• _Exercise prompt_
When you transcribe the entries below, keep the wording exact and omit the pictures.

<<<<

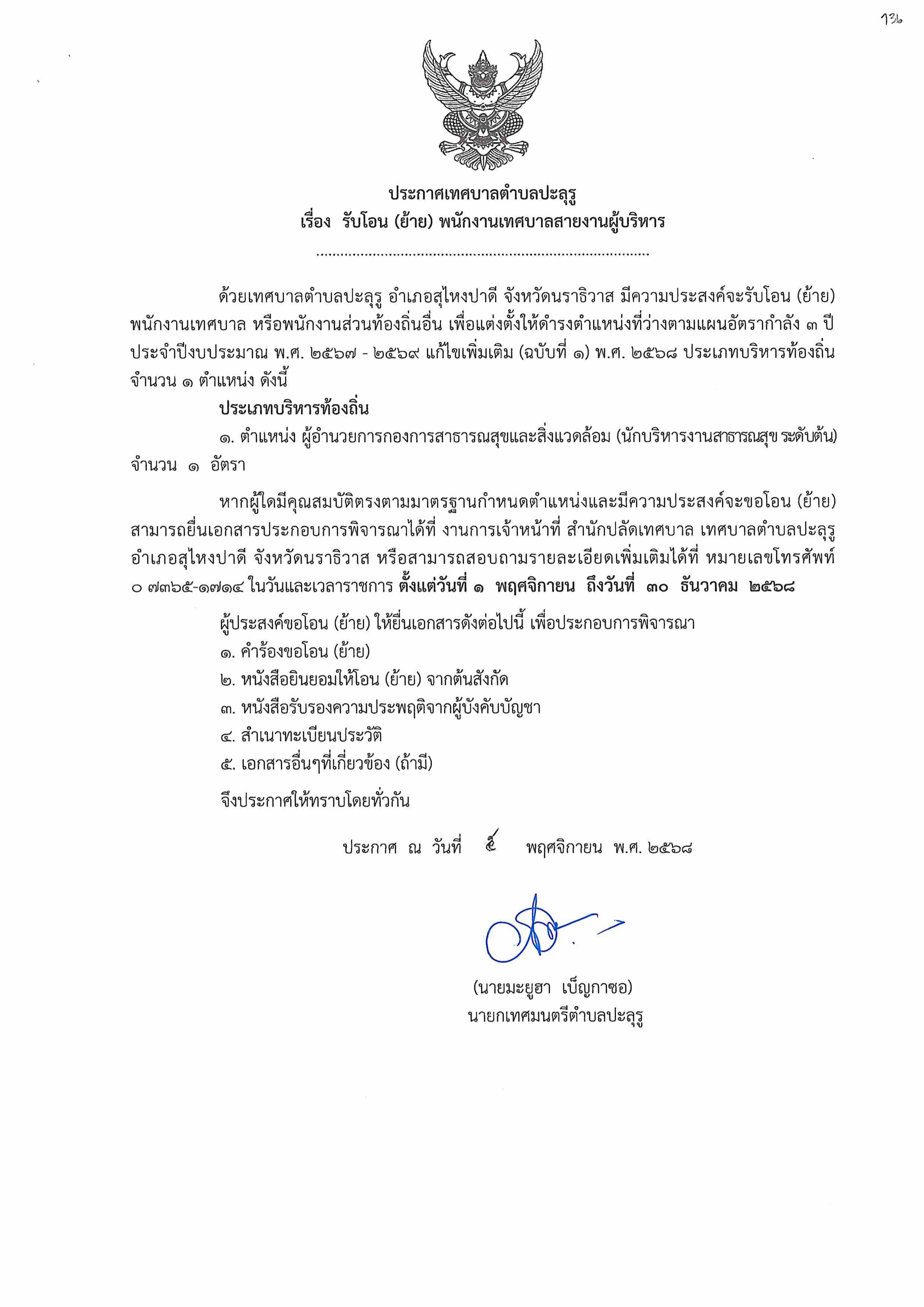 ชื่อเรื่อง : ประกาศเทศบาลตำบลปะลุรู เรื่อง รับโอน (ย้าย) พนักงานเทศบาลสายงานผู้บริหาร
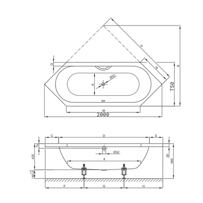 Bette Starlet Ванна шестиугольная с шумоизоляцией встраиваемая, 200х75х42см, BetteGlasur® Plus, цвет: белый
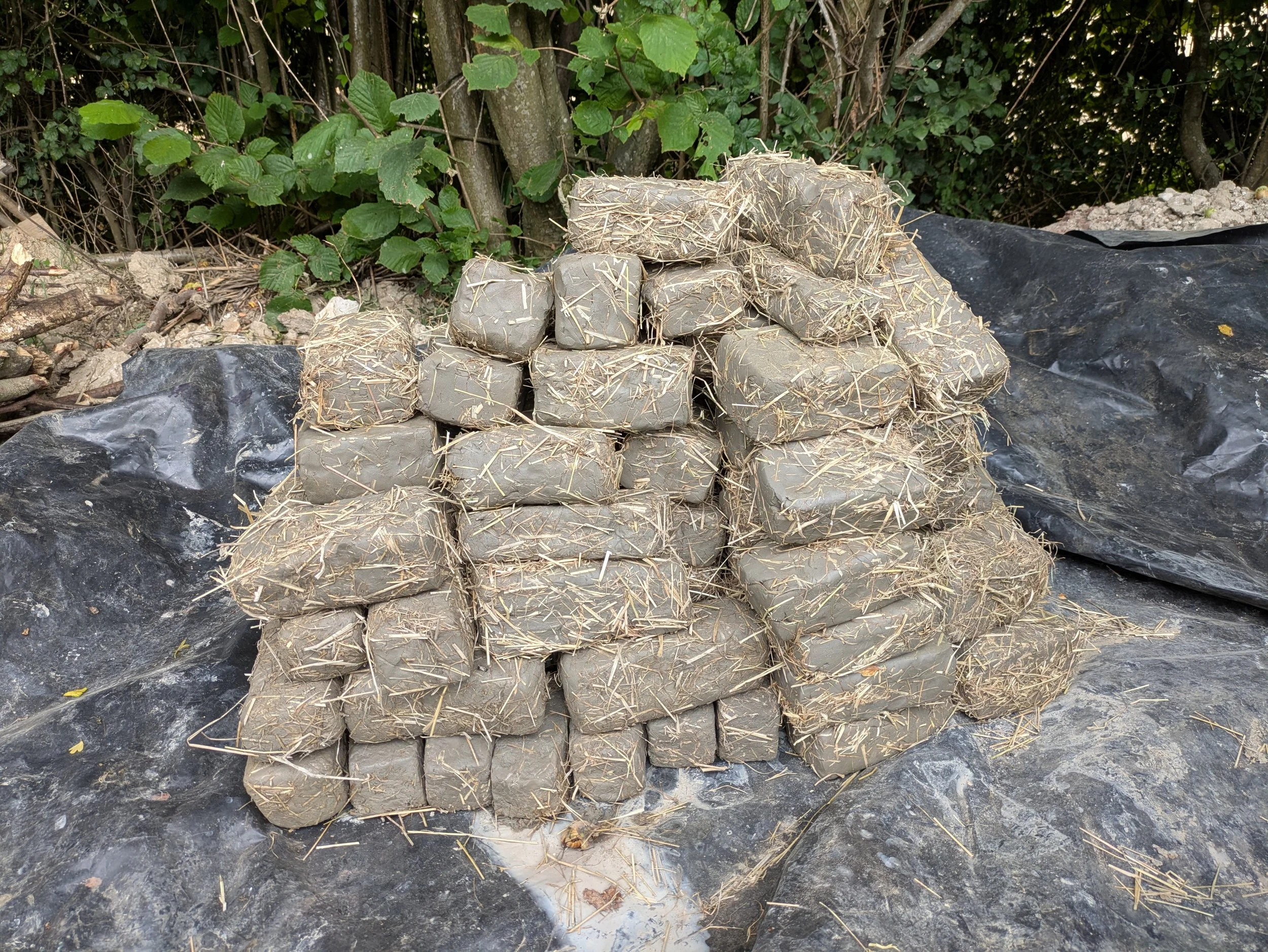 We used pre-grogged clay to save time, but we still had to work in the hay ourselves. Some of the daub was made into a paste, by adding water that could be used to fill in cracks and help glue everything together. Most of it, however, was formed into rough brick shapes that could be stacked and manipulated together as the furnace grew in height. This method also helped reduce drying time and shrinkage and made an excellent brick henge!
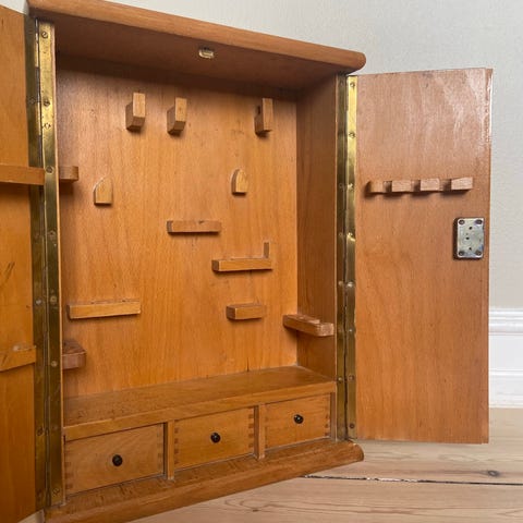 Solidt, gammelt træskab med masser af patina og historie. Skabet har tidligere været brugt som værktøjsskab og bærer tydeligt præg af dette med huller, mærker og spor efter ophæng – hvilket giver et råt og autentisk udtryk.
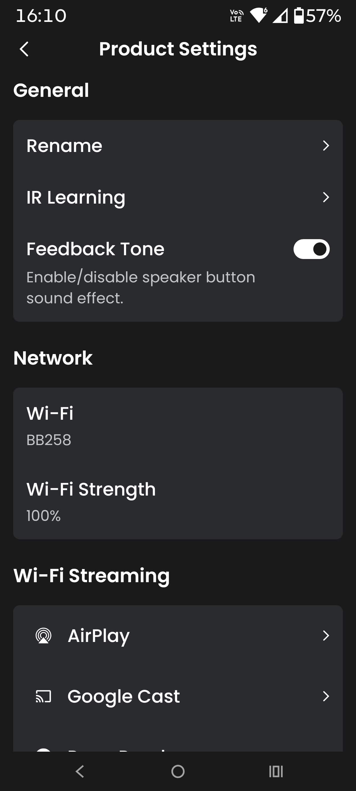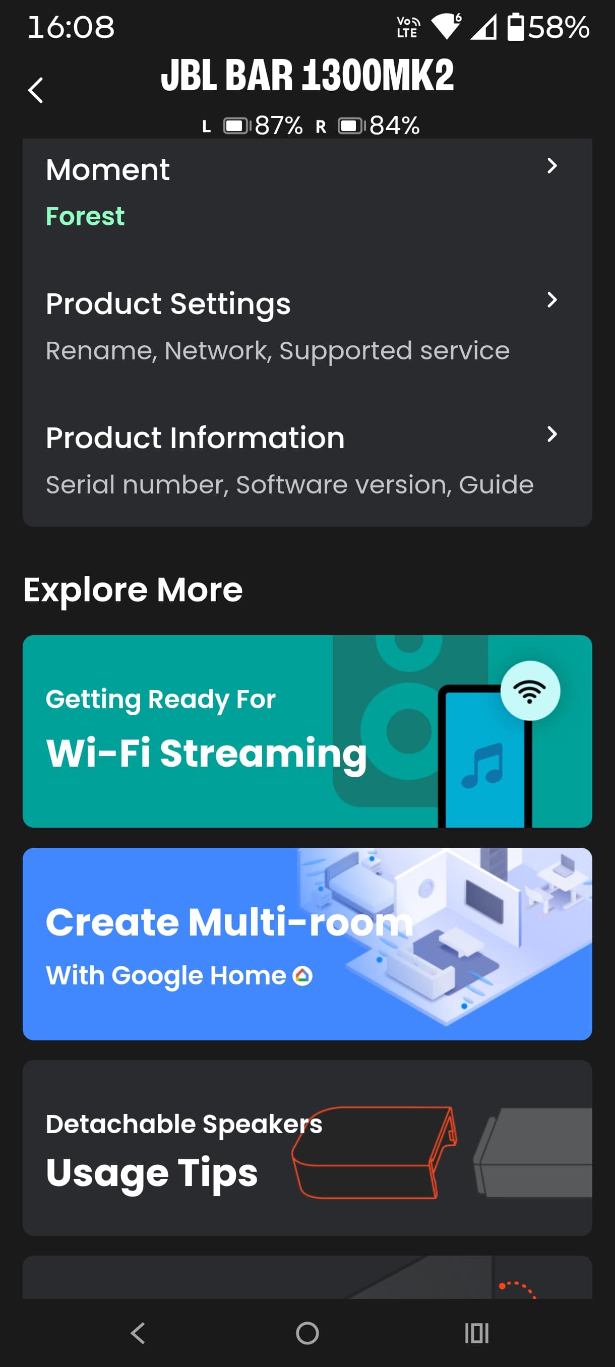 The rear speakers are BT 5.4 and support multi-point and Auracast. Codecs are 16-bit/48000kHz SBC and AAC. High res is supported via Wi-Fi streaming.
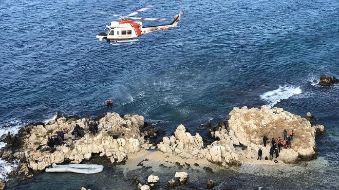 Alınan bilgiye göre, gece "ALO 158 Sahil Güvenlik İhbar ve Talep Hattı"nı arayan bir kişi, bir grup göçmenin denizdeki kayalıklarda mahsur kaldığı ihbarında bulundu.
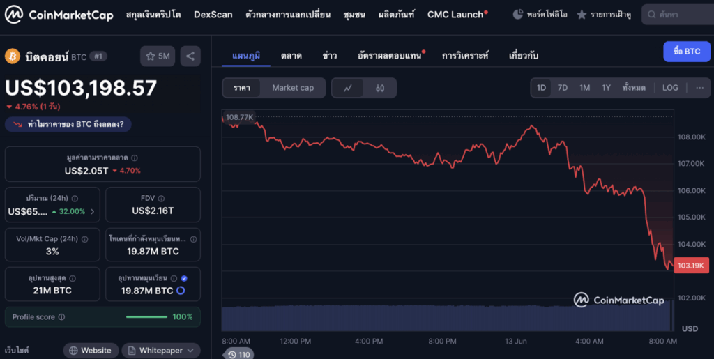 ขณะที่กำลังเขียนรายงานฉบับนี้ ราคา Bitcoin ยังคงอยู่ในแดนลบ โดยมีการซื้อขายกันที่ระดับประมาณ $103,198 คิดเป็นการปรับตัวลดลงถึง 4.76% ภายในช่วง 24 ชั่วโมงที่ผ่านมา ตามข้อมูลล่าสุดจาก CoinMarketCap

>>>>

• _Answer section_
 ชื่อเรื่อง : ประกาศเทศบาลตำบลปะลุรู เรื่อง รับโอน (ย้าย) พนักงานเทศบาลสายงานผู้บริหาร
 Bette Starlet Ванна шестиугольная с шумоизоляцией встраиваемая, 200х75х42см, BetteGlasur® Plus, цвет: белый
 We used pre-grogged clay to save time, but we still had to work in the hay ourselves. Some of the daub was made into a paste, by adding water that could be used to fill in cracks and help glue everything together. Most of it, however, was formed into rough brick shapes that could be stacked and manipulated together as the furnace grew in height. This method also helped reduce drying time and shrinkage and made an excellent brick henge!
 Solidt, gammelt træskab med masser af patina og historie. Skabet har tidligere været brugt som værktøjsskab og bærer tydeligt præg af dette med huller, mærker og spor efter ophæng – hvilket giver et råt og autentisk udtryk.
 The rear speakers are BT 5.4 and support multi-point and Auracast. Codecs are 16-bit/48000kHz SBC and AAC. High res is supported via Wi-Fi streaming.
 Alınan bilgiye göre, gece "ALO 158 Sahil Güvenlik İhbar ve Talep Hattı"nı arayan bir kişi, bir grup göçmenin denizdeki kayalıklarda mahsur kaldığı ihbarında bulundu.
 ขณะที่กำลังเขียนรายงานฉบับนี้ ราคา Bitcoin ยังคงอยู่ในแดนลบ โดยมีการซื้อขายกันที่ระดับประมาณ $103,198 คิดเป็นการปรับตัวลดลงถึง 4.76% ภายในช่วง 24 ชั่วโมงที่ผ่านมา ตามข้อมูลล่าสุดจาก CoinMarketCap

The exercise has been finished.